Second, PSDE positively and significantly predicts FSDE at all time periods, suggesting that the two variables are correlated.
In HLM, we model change for an individual with intercept and slope parameters using variance across time periods. Each individual will have their own intercept and slope, representing their personal rate of change.
In the present case, we can model the effect of PSDE on individual’s rate of change in FSDE. I chose to use PSDE1 as the predictor as it is the baseline value of PSDE in the dataset. (Note: I tested PSDE2-4, and the effect on A0 and A1 diminish over time. I think that makes sense.)
First, let’s look at the effect of PSDE1 on A0.
tbl.2 %>%
lm(A0 ~ PSDE1, .) %>%
tidy %>%
kable
term | estimate | std.error | statistic | p.value |
---|---|---|---|---|
(Intercept) | -2.0970079 | 0.3658623 | -5.731686 | 2e-07 |
PSDE1 | 0.6914513 | 0.0632065 | 10.939555 | 0e+00 |
The effect is positive and significant. We can interpret that to mean that the stronger an individual’s sense of perceived self-development opportunities, the higher one’s baseline level of feelings about self-development opportunities. Nothing terribly surprising there.
Next, let’s look at the effect of PSDE1 on A1.
tbl.2 %>%
lm(A1 ~ PSDE1, .) %>%
tidy %>%
kable
term | estimate | std.error | statistic | p.value |
---|---|---|---|---|
(Intercept) | 0.5530551 | 0.2477851 | 2.231995 | 0.0287721 |
PSDE1 | -0.1169434 | 0.0428075 | -2.731845 | 0.0079404 |
The effect is negative and significant. This means that the stronger an individual’s sense of perceived self-development opportunities, the less change one experiences in one’s own feelings about self-development opportunities. That is, people who think they have plenty of opportunities are more stable in their feelings about it.
Finally, let’s see whether there are gender differences in A0 and A1.
tbl.2 %>%
lm(A0 ~ GENDER, .) %>%
tidy %>%
kable
term | estimate | std.error | statistic | p.value |
---|---|---|---|---|
(Intercept) | 2.2500000 | 0.2422887 | 9.286443 | 0.0000000 |
GENDER | -0.5390351 | 0.2741935 | -1.965893 | 0.0532222 |
tbl.2 %>%
lm(A1 ~ GENDER, .) %>%
tidy %>%
kable
term | estimate | std.error | statistic | p.value |
---|---|---|---|---|
(Intercept) | -0.1406250 | 0.1080169 | -1.3018797 | 0.1971656 |
GENDER | 0.0379934 | 0.1222407 | 0.3108084 | 0.7568569 |
The effect of gender on A0 is negative and nearly, but not quite, significant. If I were to interpret the result anyway, I would say that female participants had more positive feelings about self-development opportunities than men.

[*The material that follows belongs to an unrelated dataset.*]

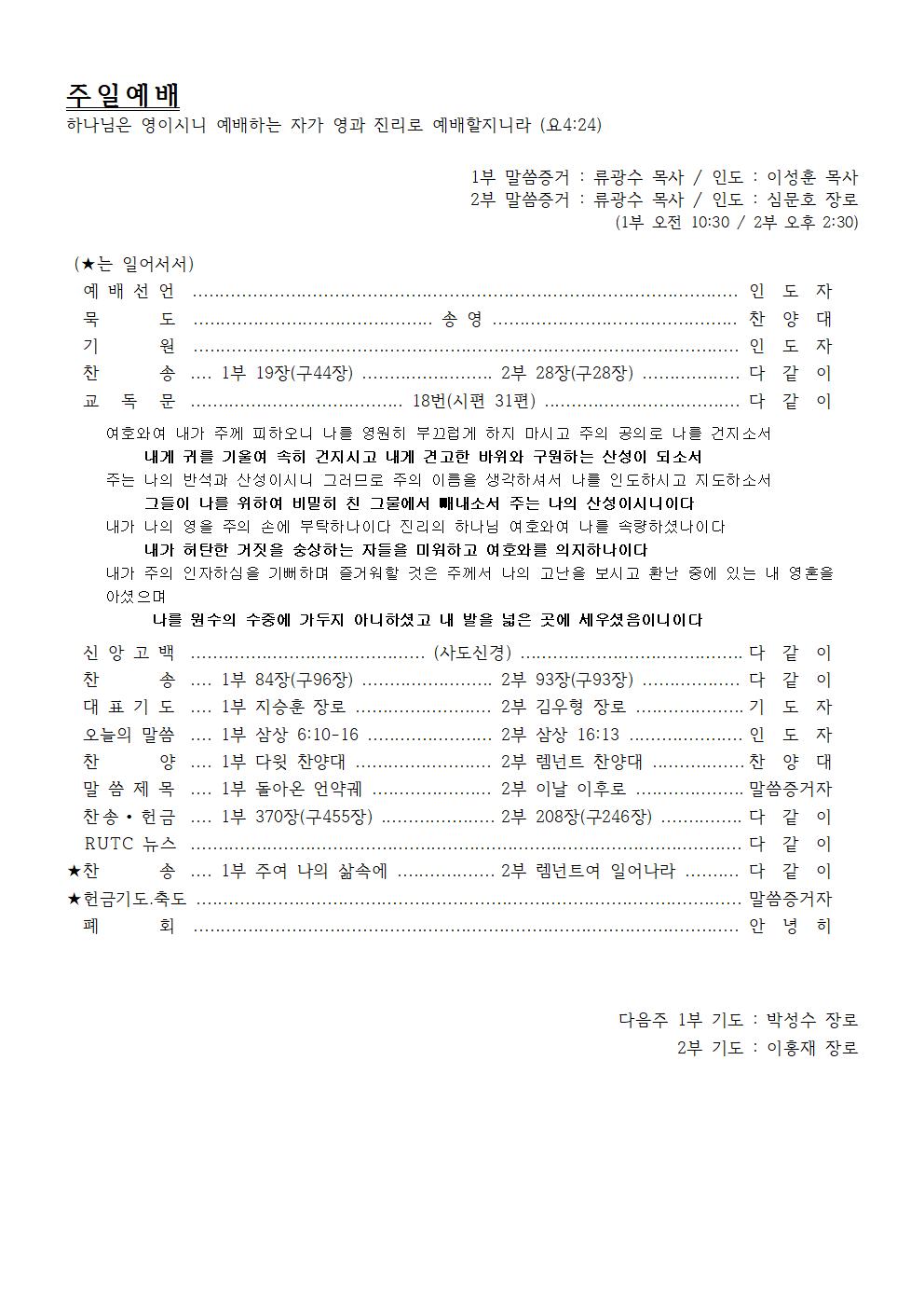 찬송∙헌금 ……. 1부 370장(구455장) ………………… 2부 208장(구246장) …………… 다 같 이

There was no significant gender difference on change in feelings about self-development opportunities.
Overall, there’s a positive relationship between perceptions and feelings about self-development opportunities that is stable over time. There’s also a positive relationship between the change in perceptions and the change in feelings. As the first-difference model showed, a change in perceived self-development opportunities was associated with a change in feelings toward self-development opportunities in all time periods.
There did appear to be some stability in the variables themselves, but even when controlling for the lagged dependent variable, there was a significant relationship between perceptions and feelings at all time periods, as shown by the static-score model.
Finally, the hierarchical linear model allowed us to examine the rates of change. Using HLM, I found a significant relationship between the magnitude of initial perceived self-development opportunities (PSDE1) and the average rate of change of feelings toward self-development opportunities (A1). The higher a participant scored on perceptions at the initial assessment, the less change in feelings they experienced over the course of the study.
Dwyer. (1983). Multivariate Regression and Multivariate ANOVA. In Statistical Models for the Social and Behavioral Sciences.
Edwards, J. R. (2002). Alternatives to Difference Scores. In Advances in measurement and data analysis.
Finkel, S. E. (1995). Modeling Change with Panel Data. In Causal analysis with panel data.
Thompson, B. (1991). A Primer on the Logic and Use of Canonical Correlation Analysis. Measurement and Evaluation in Counseling and Development.